Las ideas contenidas en este artículo fueron presentadas en el marco del Encuentro Salud en Todas las Políticas que se llevó a cabo en Santander, en la Universidad Internacional Menéndez Pelayo, los días 25 y 26 de agosto de 2008. Salud en Todas las Políticas (STP) es una estrategia para ayudar a fortalecer la integración de las políticas sanitarias y de todas las actividades que afectan a la salud colectiva. Hoy existe en España una amplia diversidad de experiencias de STP entre muchas administraciones, empresas y organizaciones sociales, y todas ellas tienen algo en común: actuaciones innovadoras, planificadas y evaluables, visión a largo plazo, una pragmática búsqueda de impacto social y el reconocimiento de que la creación de cultura, salud, riqueza y calidad ambiental son fundamentales para una sociedad posmoderna. Además, tales experiencias apuntan a nuevas formas de cooperación entre todos los agentes sociales y los distintos niveles de gobierno.
Los artículos que se presentan son propuestas de políticas concretas que podrían acometerse bajo este nuevo paradigma, y ejemplos de experiencias ya llevadas a cabo, analizadas con rigor intelectual, económico, sanitario, jurídico y político.

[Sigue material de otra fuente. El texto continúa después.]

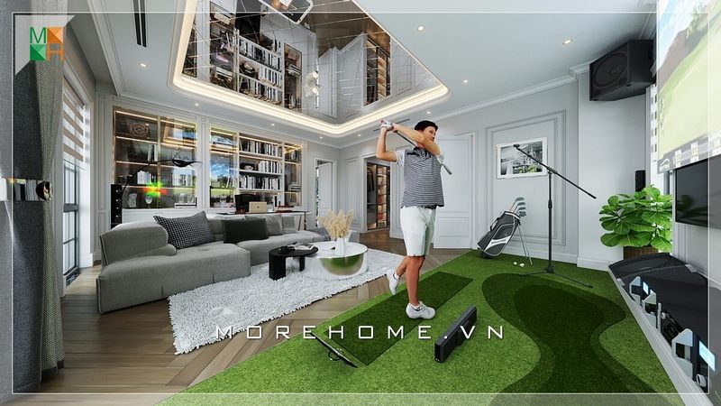 Sofa vải êm ái và sân golf nhỏ đẹp độc đáo được bố trí trong phòng khách chung cư thông tầng, mang lại cho mọi người cảm giác gần gũi và sáng tạo.

Conflicto de interesesNinguno.
FinanciaciónSin financiación.
Contribuciones de autoríaGuillem López Casasnovas es el autor único de este artículo.
Este artículo se ha inspirado genéricamente en un conjunto de trabajos publicados en recuerdo de Alan Williams (1–3) y en artículos (4–5) del Forum for Health Economics & Policy de la Berkeley Electronic Press incluidos en la bibliografía.